[Recorded data]
══════

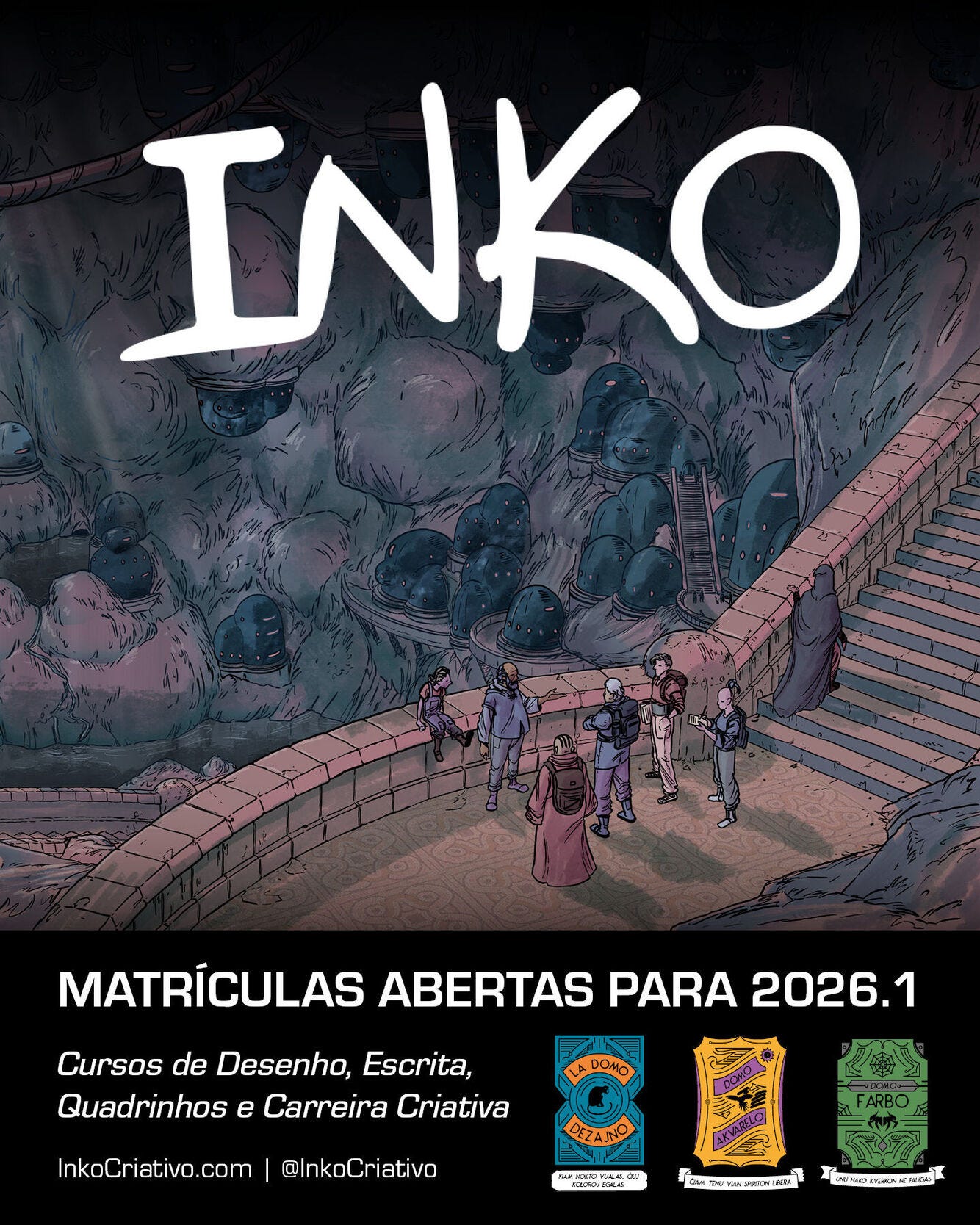 A INKO é uma escola de mídias criativas, com mais de 7 anos de tradição e um corpo docente incrível composto do diversos autores e autoras da cena do quadrinho nacional. E, começando este ano, eu sou um deles! Minha primeira turma e Arte-Final foi concluída com sucesso recentemente e posso dizer que foi uma experiência muito boa! E agora, as matrículas para o primeiro semestre de 2026 estão abertas!
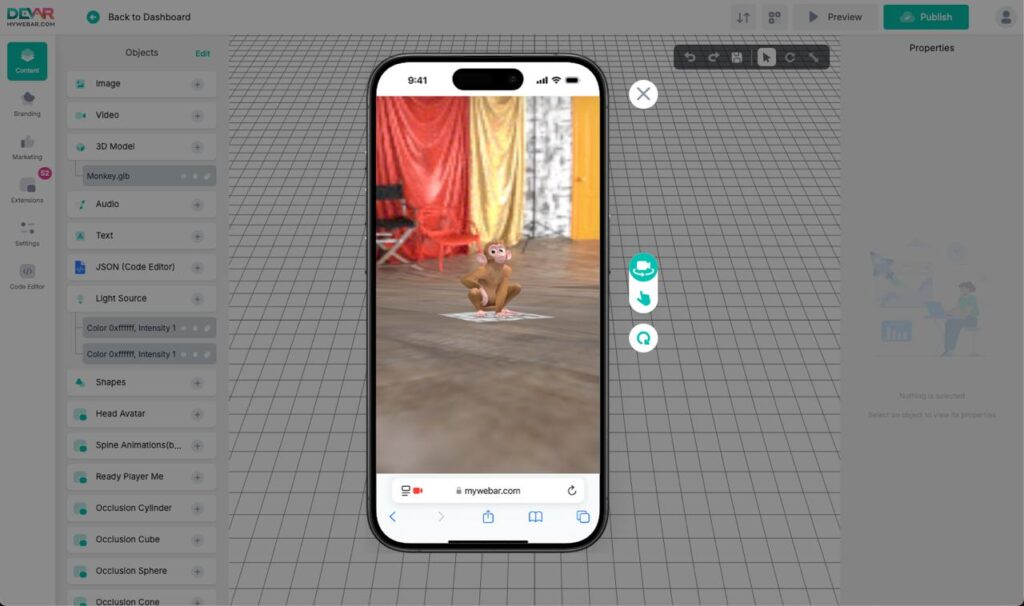 Testing should feel like using the thing. The updated preview gives you two ways to look at your scene before you scan a QR code. In real-world view, you get a sense of scale and placement, almost like peeking through a phone. In touch interaction mode, you orbit, pan, and zoom with your fingers to check hotspots, labels, and tap targets.
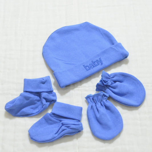 Baby Hat, Socks, Mittens - Newborn Cotton Blue
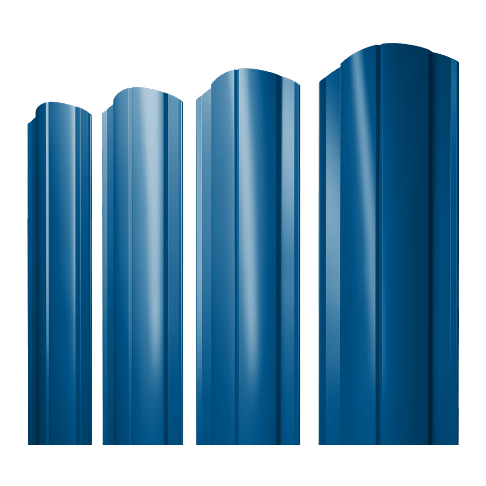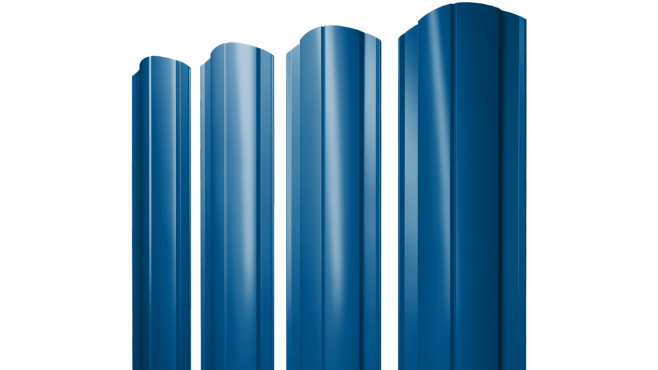 В ассортименте фигурных штакетников модель круглой формы с полиэстеровым покрытием в сигнальном синем RAL 5005 предлагает легкость и яркость. Это вариант для морских или современных стилей, где синий оттенок добавляет свежести, сочетая эстетику с защитой от коррозии и простотой монтажа в прибрежных зонах.
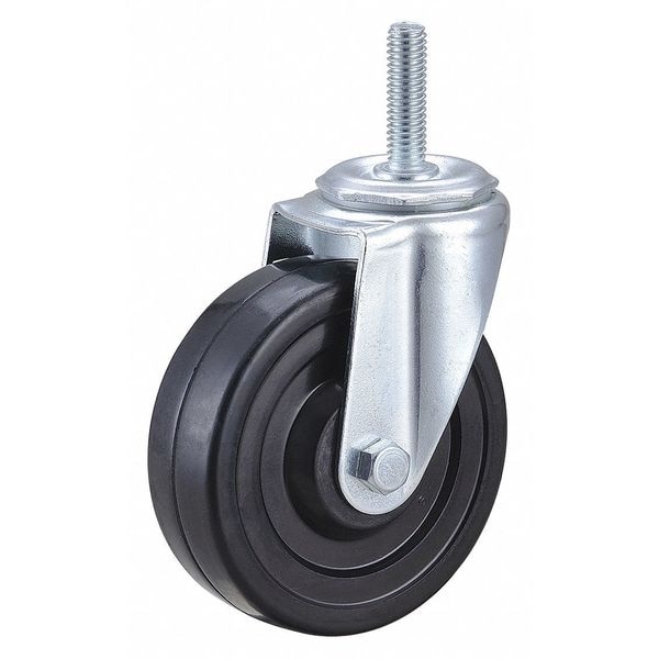 Stem Caster, Swivel Caster, 170 lb Load Rating, 0 to 299 lb, 4 in Wheel Dia., 1 1/4 in Wheel Width, Rubber Wheel/Tread Material, 4 13/16 in Mounting Height, Plain, 7/16 In.-14 x 1-1/2 in Caster Stem Size, Threaded, Steel Caster Frame Material, Zinc Plated Frame Finish, No Non-Marking, 1 Number of Wheels
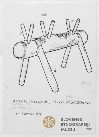"Stou" (stol) za žaganje drv. Lastnik pri Kašperinu, Cerkno 181.
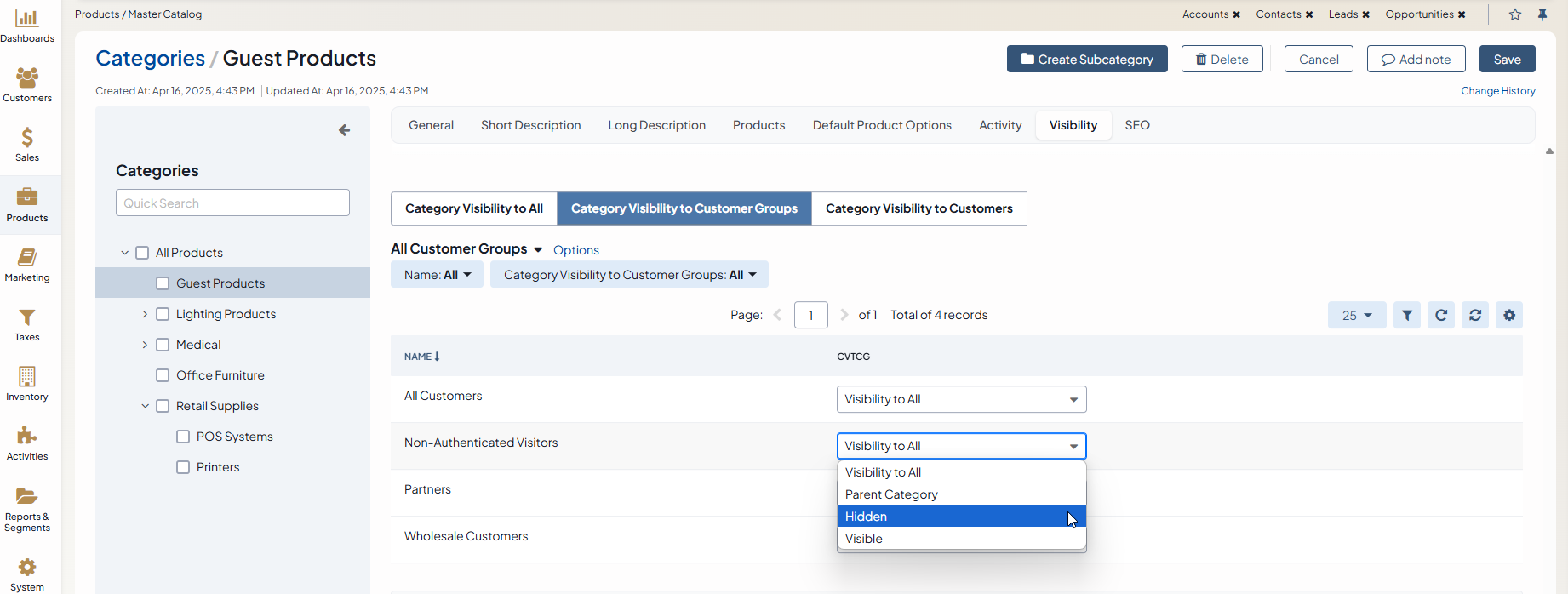 From the master catalog page. Here, you can combine the specific products which visibility you want to manage into one category (for example, Guest Products) and set the necessary restrictions to the whole category. This way, you are free to customize the way your categories are displayed in the storefront. For instance, you can hide the Guest Products category from your registered customers and only enable the Non-Authenticated Visitors segment to view the products from this category.

══════

• _Exercise description_: Look above for the line with "Baby Hat, Socks, Mittens" and the line with "В ассортименте фигурных"; set down those two lines and all lines between them exactly, without pictures and without anything else.

• _Result for this task_:
 Baby Hat, Socks, Mittens - Newborn Cotton Blue
 В ассортименте фигурных штакетников модель круглой формы с полиэстеровым покрытием в сигнальном синем RAL 5005 предлагает легкость и яркость. Это вариант для морских или современных стилей, где синий оттенок добавляет свежести, сочетая эстетику с защитой от коррозии и простотой монтажа в прибрежных зонах.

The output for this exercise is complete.